→ **Records for processing**:
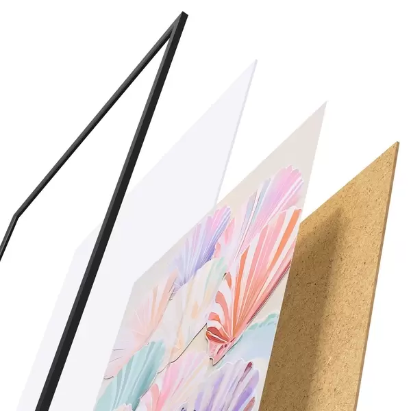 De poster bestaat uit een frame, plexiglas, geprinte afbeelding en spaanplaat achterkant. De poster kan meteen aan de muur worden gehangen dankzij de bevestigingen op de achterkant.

...

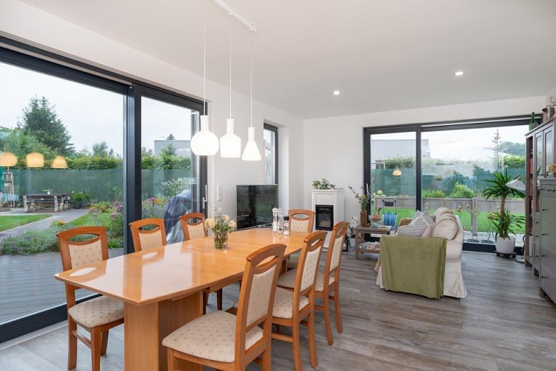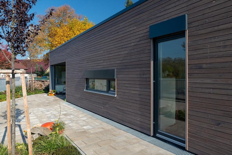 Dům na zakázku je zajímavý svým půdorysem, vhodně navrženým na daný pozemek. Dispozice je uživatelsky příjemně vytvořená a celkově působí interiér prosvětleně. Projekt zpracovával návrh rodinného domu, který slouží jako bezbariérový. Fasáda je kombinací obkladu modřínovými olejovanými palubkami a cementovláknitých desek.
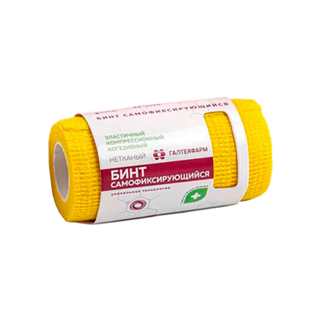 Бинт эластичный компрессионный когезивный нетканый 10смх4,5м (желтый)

→ **Problem to solve**: Please output the lines above beginning at the line with "Dům na zakázku" and ending after the line with "Бинт эластичный компрессионный", precisely as written and with no pictures.

→ **Output**:
 Dům na zakázku je zajímavý svým půdorysem, vhodně navrženým na daný pozemek. Dispozice je uživatelsky příjemně vytvořená a celkově působí interiér prosvětleně. Projekt zpracovával návrh rodinného domu, který slouží jako bezbariérový. Fasáda je kombinací obkladu modřínovými olejovanými palubkami a cementovláknitých desek.
 Бинт эластичный компрессионный когезивный нетканый 10смх4,5м (желтый)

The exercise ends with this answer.